In cities where land is cheap, a lot of drug use takes place behind closed doors, or in vacant lots, or abandoned buildings. Places where no one is keeping track—or at least, no one who has influence in city hall. In cities where land is expensive, though, there aren’t many vacant lots unclaimed by developers. There aren’t many abandoned buildings—most get fixed up and sold. As each square foot of land costs more and more, there are fewer and fewer pieces of land where no one is keeping track; fewer places where people can tuck themselves away.

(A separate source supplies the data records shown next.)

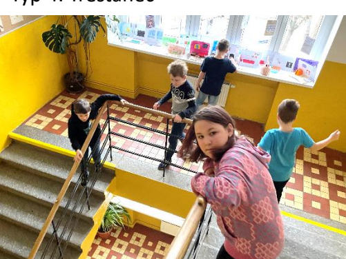
Typ 7: Zevlanti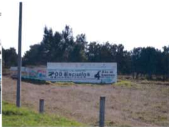
Km. 79 carretera Calpulalpan- Apizaco.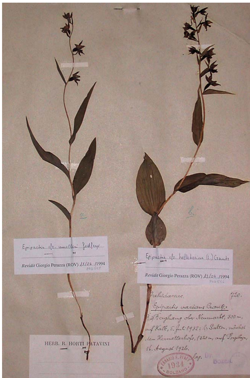
Fig. 3. Foglio HV15-10-02: Epipactis sp. dell'erbario di W. Pfaff da lui determinati come E. varians Crantz (= E. purpurata Smith, E. viridiflora Hoffm. ex Krock.); a sinistra l'esemplare raccolto il 5 luglio 1932 sopra Egna (Neumarkt) [9633/4], a destra quello raccolto il 16 agosto 1926 presso S. Genesio (Jenesien) [9433/4].

Urban planners talk about this as “infill”—part of how cities are being revitalized. Health researchers have shown that when vacant lots get cleaned up, the health of the neighbors improves.
But when the vacant lot gets turned into an apartment building… what happens to the people who were in that vacant lot using drugs?
When a police department responds to a neighborhood’s frustrations by successfully moving the drug trade off the corner… where do the drug sellers go?
When an area of the city gets “cleared”, the people who get cleared out, generally go somewhere else.
There are reasons that a particular “somewhere else” emerges. Policies and practices of city management, whether by deliberate design or not, determine the places to which people on the street are expected to go. In Boston, that place was often Mass/Cass. So much so, in fact, that it started to just seem like the natural order of things.
The zone partly evolved from what was there over decades prior to 2014. But in this time period, its growth came both from changes in drug use and the supply of drugs, and also a series of explicit policy choices. I want to find out: why? and why in that spot? And what does this have in common with other cities?
How did this particular area of Boston become the drug zone? Who made it that way, and who kept it that way? What was it like for the people who regularly spent time in that zone, or lived on its streets? And why did the zone, after it got built up over years to include seemingly permanent infrastructure, suddenly get dismantled?
Different cities have done this differently. But many cities have pursued versions of this containment strategy as a way of managing competing interests within a city. As a way of keeping the peace—sort of. In talking to people about Mass/Cass and its trajectory over this time period, almost everyone describes failures. But everyone has a different explanation of what failed, and why.
For ten years, I worked in this area as a doctor. (I still do.) Now I’m looking it in a new way as a writer, and as someone interested in cities. I want to know more about why cities make the choices they do. I want to find out what happens as a result of those choices—and how those choices affect people’s lives.